In ASP.NET MVC controller methods can be decorated to accept on specific HTTP Methods(Get, Post, Get.. etc). Between MvcContrib and ASP.NET MVC there are 3 classes: "AcceptGet, AcceptPost" and AcceptVerbs. All three: "AcceptGet, AcceptPost" and AcceptVerbs do the same thing. They specify what http method is allowed to access a action/method.
AcceptGet and AcceptPost are in the MvcContrib. While AcceptVerbs is native to the Mvc framework. Which is better to use?
AcceptGet/AcceptPost (MvcContrib)
/// <returns></returns>
[AcceptGet]
public ActionResult Profile(string id)
AcceptVerbs(ASP.NET Mvc)
/// <returns></returns>
[AcceptVerbs(HttpVerbs.Get)]
public ActionResult EditRequest(string id)
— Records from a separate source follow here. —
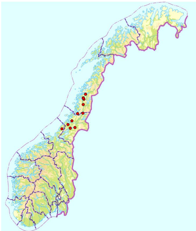
Figur 4. Kjent utbredelse i Norge og Europa for oresinoberlav.

Ingen av de norske lokalitetene er innenfor verneområder. Typelokaliteten i Åfjord er intakt, men står utsatt til i forhold til både tømmerdrift og vedhogst. Forekomsten i Finsåsmarka ble ødelagt av flatehogst i 2007. Lokalitetene i Namdalseid og Namsos ble flatehogd omkring 1990. Lokaliteten i Steinkjer ble også utsatt for hogst vinteren 2009-2010, men trærne med oresinoberlav står fortsatt igjen. I de tre nyoppdagete lokalitetene er miljøene intakt og arten forekommer på flere trær, men som regel sparsomt på hvert tre, se nedenfor. For de øvrige lokalitetene er status at arten ikke ble gjenfunnet ved nykartlegginga i 2012 og 2013, se lokalitetslista nedenfor.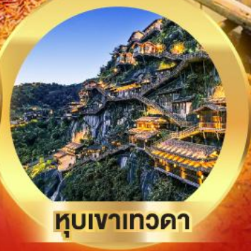
หุบเขาเทวดา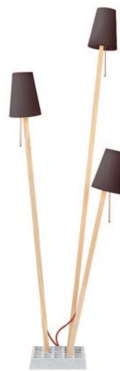
dunkelbraun dark brown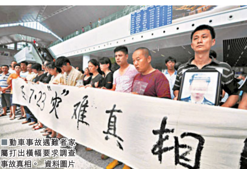
■動車事故遇難者家屬出橫幅要求調查事故真相。資料圖片

據動車事故調查專家組成員介紹，事故發生後，調查組立即對事故車輛殘骸等有關物證、數據資料進行了封存和保護，同時調取解讀分析了事故前後的錄音資料以及機車綜合無線通信設備等裝置、儀器、設備的全部信息。 事故3個月 報告無蹤影 之前有一種說法是雷擊引發了這次事故，對此，王夢恕表示，當時7分鐘雷擊了100多次，歷史上是沒有的，這是一個方面。但組織管理問題是主要問題。設備平時沒有好好保養，在雷擊之後出現了故障。王夢恕說，事故發生後，針對防雷擊技術的設備改進和技術提高，包含的內容很多，目前還在研究。 根據中國國務院相關規定，此類事故調查組應該在發生之日起60天內提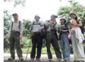
日頭赤炎炎~真用功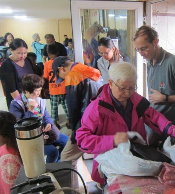
Návštěva z Hong-Kongu v oratoři.

nabídli také 10ti denní cyklo školu na čerstvě vybudovaném dopravním hřišti. „ Mohu se také připojit “, ptala se jedna maminka, které přivedla svou dceru. „ Proč ne, “ říkal jsem si v naději na získání nového spolupracovníka. Paní však na kole nikdy předtím neseděla. První den si při pádu z kola do krve odřela obličej. Ale ani další pády ji neodradily a po několika týdnech jsem ji spolu s její dcerkou potkal ráno na cestě k sestřám Matky Terezy s jízdním kolem. „ Díky moc za super lekce, o dopravních značkách a radě dalších věcí jsme nikdy před tím neslyšeli. “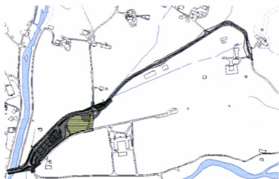
Gjeldande reguleringsplan for omlegging av fv. 53 og parkeringsplass

I samband med at det skulle opparbeidast ny parkeringsplass til Baroniet i Rosendal, skulle fylkesveg 53 gjennom Baroniet mot Hatteberg leggjast om. Det vart utarbeidd reguleringsplan for omlegging av fylkesvegen og parkeringsplass (vedteken i 2007).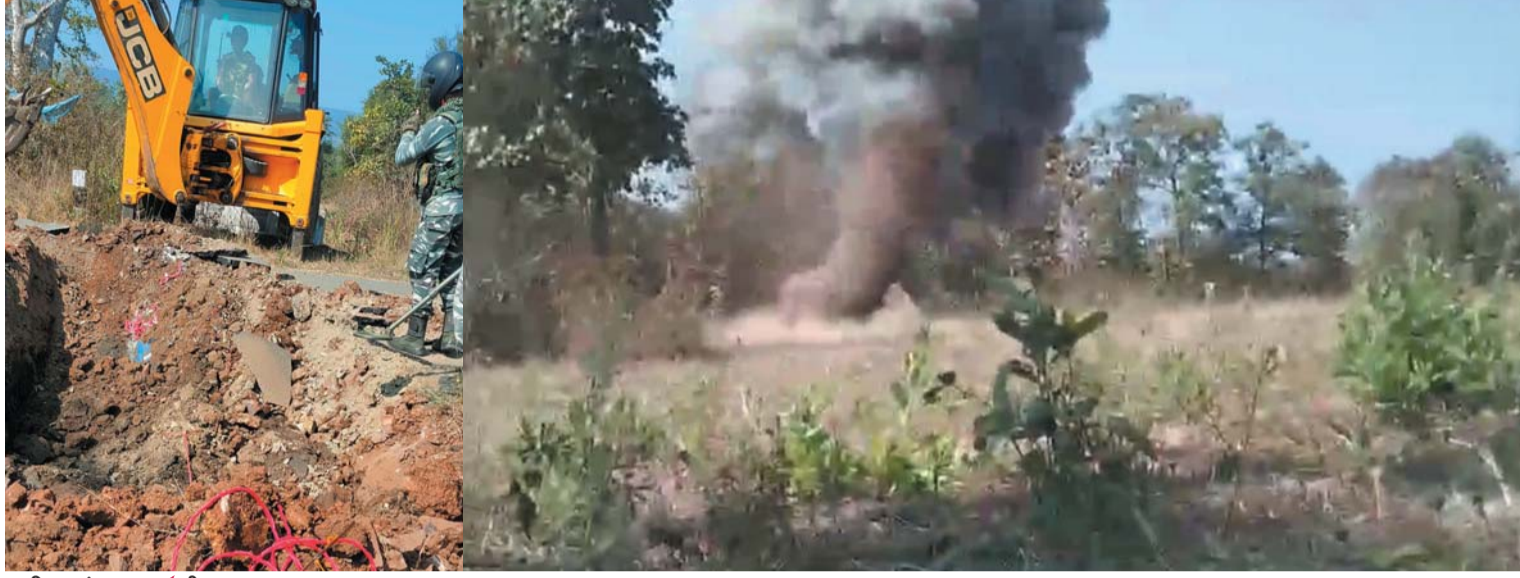
पायनियर संवाददाता < बीजापुर www.dailypioneer.com

उसूर-आवापल्ली मार्ग में बीडीएस टीम के द्वारा उसूर से 3 किमी की दूरी पर धान मंडी के पास मार्ग में माओवादियों के द्वारा लगाए लगभग 25 किग्रा का आईडी डिटेक्टर किया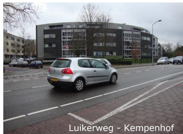
Luikerweg - Kempenhof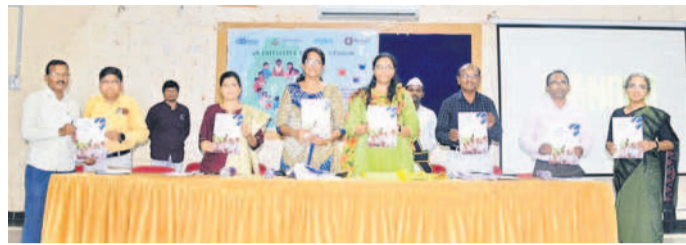
బుక్ రిలీజ్ చేస్తున్న వీసీ ఖుష్కా గుప్తా, అధికారులు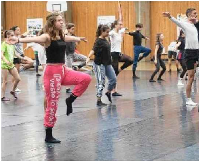
Derniers cours avant trois jours de répétition du spectacle final.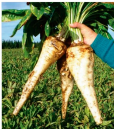
Рис. 1. Цикорий корнеплодный

Цикорий в промышленных объемах может перерабатываться для получения жидких, сиропобразных и порошковых экстрактов, выпуска инулиносодержащих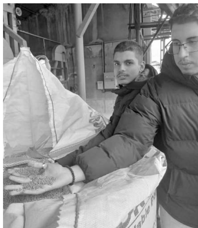
Всичко за сеитбата – не по учебник, а в реална среда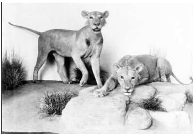
A tsavoi emberevők a múzeumban.

riad, Remington sátrát szétdőlvén találja, a vadász maradványait pedig szétkenve a szavannán. Elborultan, gyászolva felgyújtja a fűvet. Az emberevő hamarosan rátámad az ezredesre, akinek az utolsó pillanatban sikerül megölnie, dühöngő szörnyet. A film végén teljes biztonságban találkozhat a feleségével, és fiával. A Chicagói Field Museumba került állatok megtekinthetők ma is, és a szemükbe nézve még mindig rettegés érez a látogató.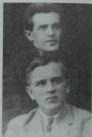
Салих Сәйдәшев һәм Кәрим Тинчурин, 30 нчы еллар.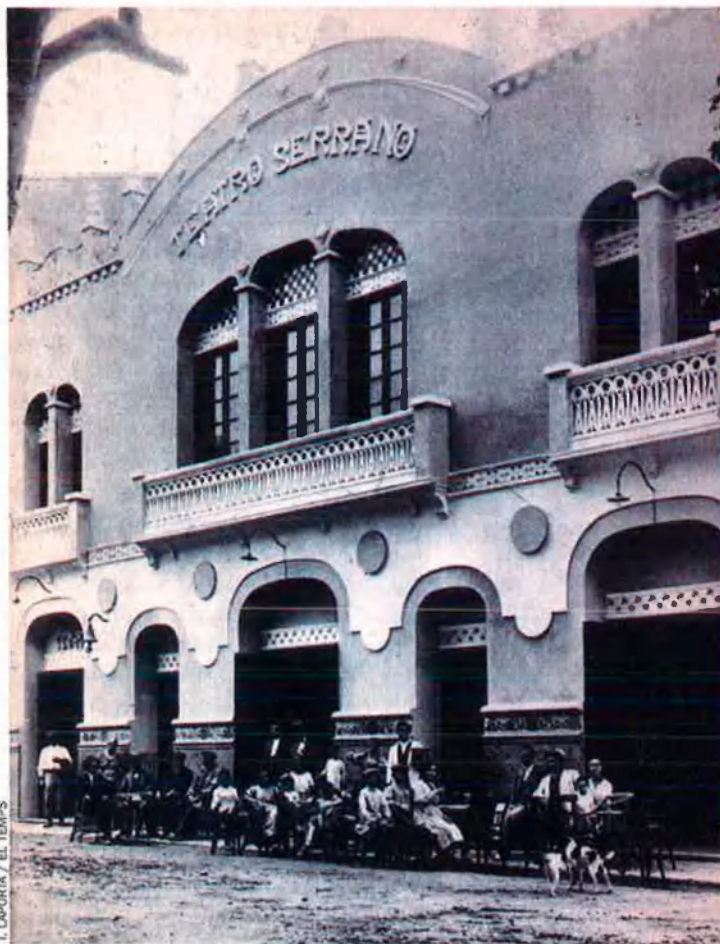
L. LAPORTA / EL TEMPS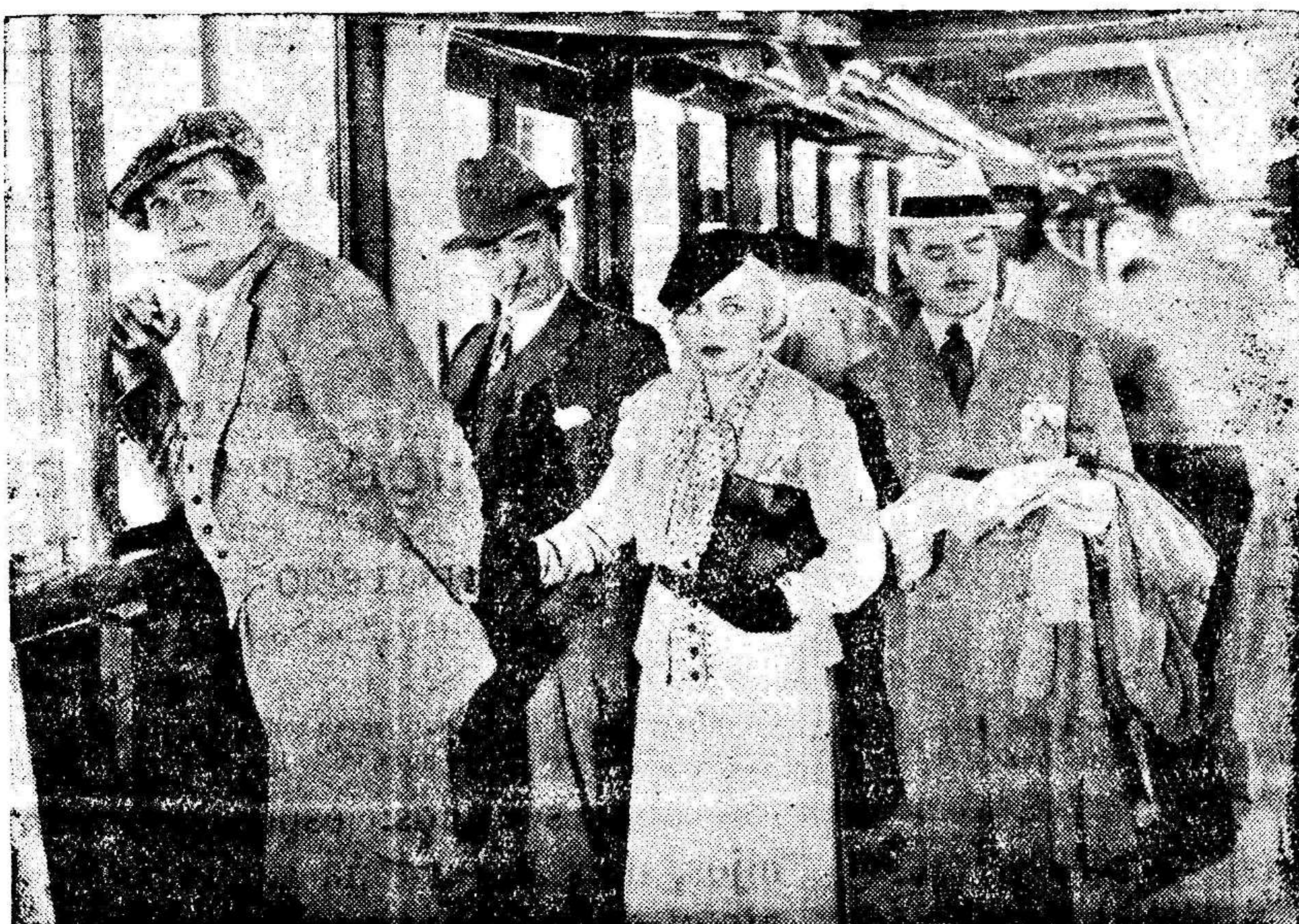
Una escena de EL CAPITAN ODIS EL MAR, interesantísima producción Columbia que distribuye la prestigiosa entidad valenciana CIFESA

La creación que ambos actores hacen en este film distribuido por Cifesa, es indudablemente un aliante más, con el que consigue un triunfo la conocida marca inglesa B. I. P.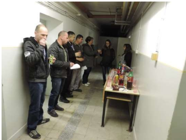
43. sz. kép falatozás a verseny után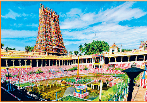
मीनाक्षी सुंदरेश्वरार मंदिर, मदुरै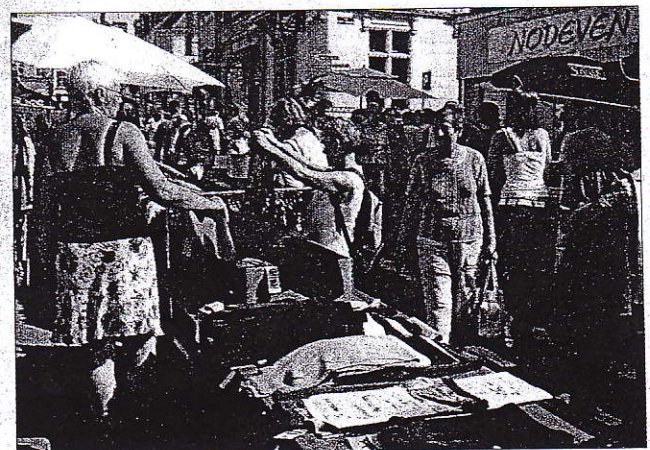
Le déballage se déroulera vendredi et samedi.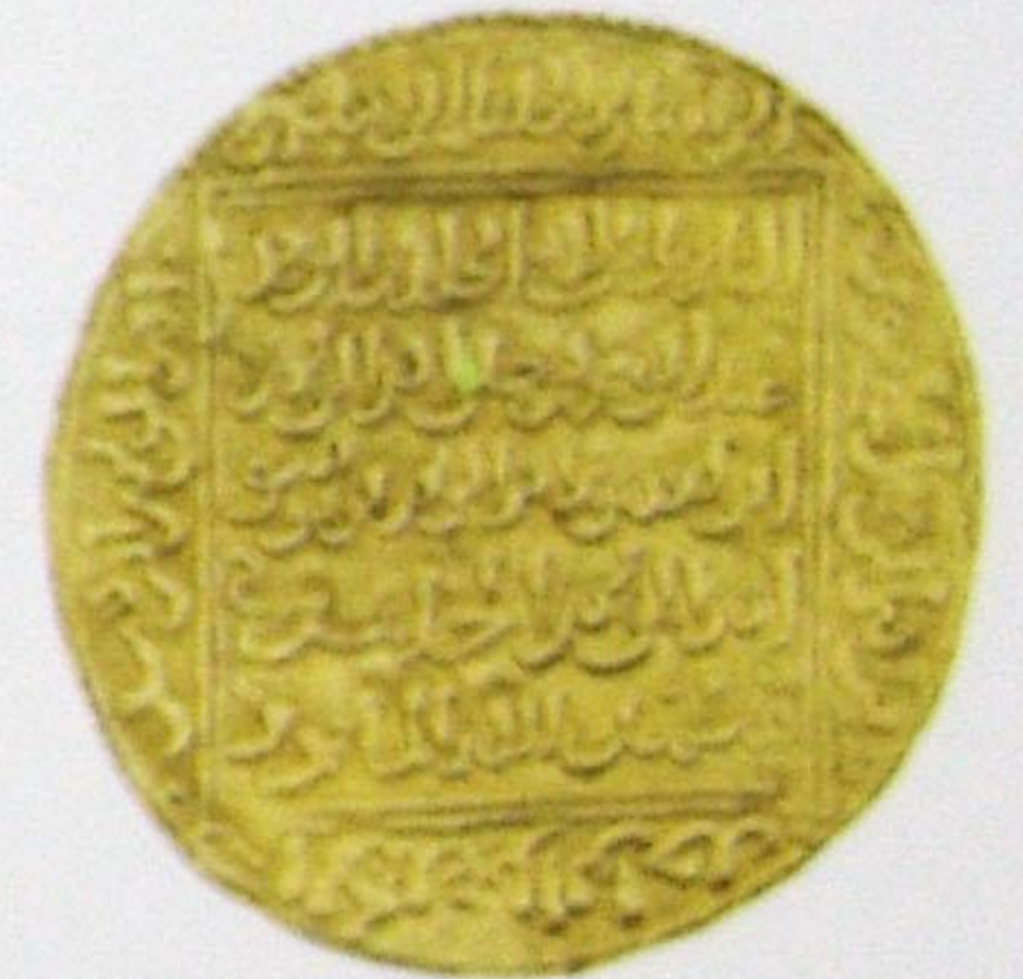
دينار موهبي أبو الحسن علي السعيد ضربت سبها Mowahbi Dinar Abu Al-Hasan Ali Al-Sa'eed struck at Siba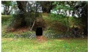
観音塚古墳石室入口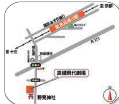
高槻市野見町2-33 (駅南7分)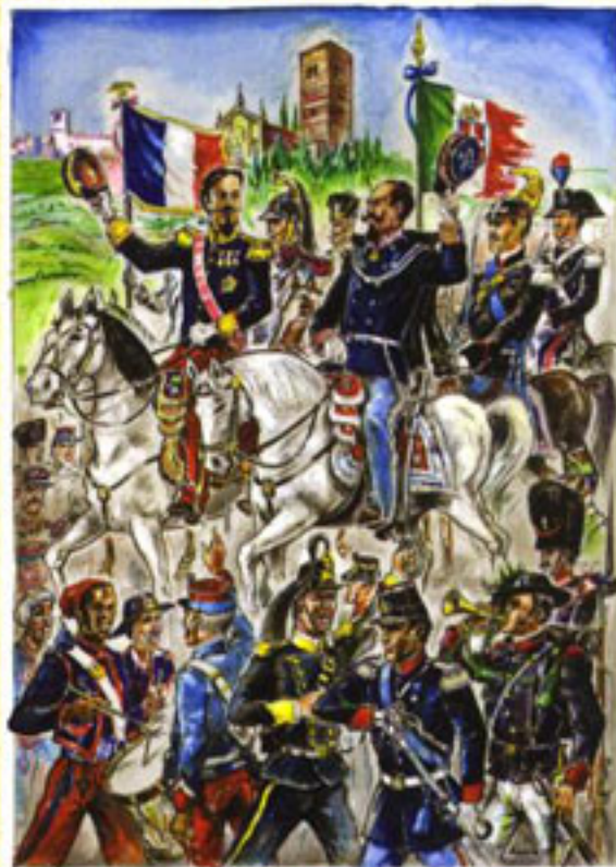
L'incontro fra re Vittorio Emanuele II e l'imperatore Napoleone III

150° Anniversario 2 a Guerra per l'Indipendenza d'Italia 1859 - 2009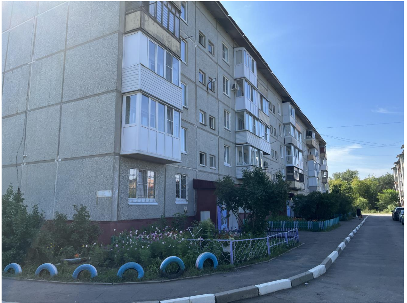
Фото 4. Объект недвижимости. Дата и время съемки: 10.08.2023, 10:25.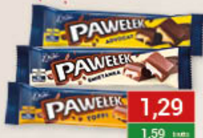
Wedel Baton Pawelek śmietanka, advocat, toffi 45-46g/224szt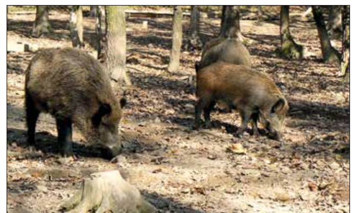
Már a Budakeszi Vadaspark is biztonságosan látogatható

mentesítéssel, a Pilisi Parkerdő Zrt. arra kéri a kirándulókat, hogy ne térjenek le a turistautakról. A folyamatos kármentesítés miatt a turistautak mellett is számítani kell munkagépek közlekedésére, ami szintén a szokásosnál na-

Documentation for the MvcContrib project's AcceptPost can be found here.
It appears AcceptGet and AcceptPost were created to fill a gap in one of the earlier versions of the ASP.NET Mvc framework. The AcceptGet and AcceptPost classes provided a strongly typed HttpMethod attribute.
ASP.NET MVC released with AcceptVerbs which takes an enum:
[Flags]
public enum HttpVerbs
{
Delete = 8,
Get = 1,
Head = 0x10,
Post = 2,
Put = 4
}
My question is which one is a better implementation, AcceptGet/AcceptPost or AcceptVerbs(with HttpVerbs enum type)?
Best Answer
I don't think there's a great deal of difference between the two implementations but given that
is part of the framework now, I always use this. Both are strongly typed so there's no real difference there, and the HttpVerbs enum includes Delete, Head and Put which aren't in the MVC contrib version.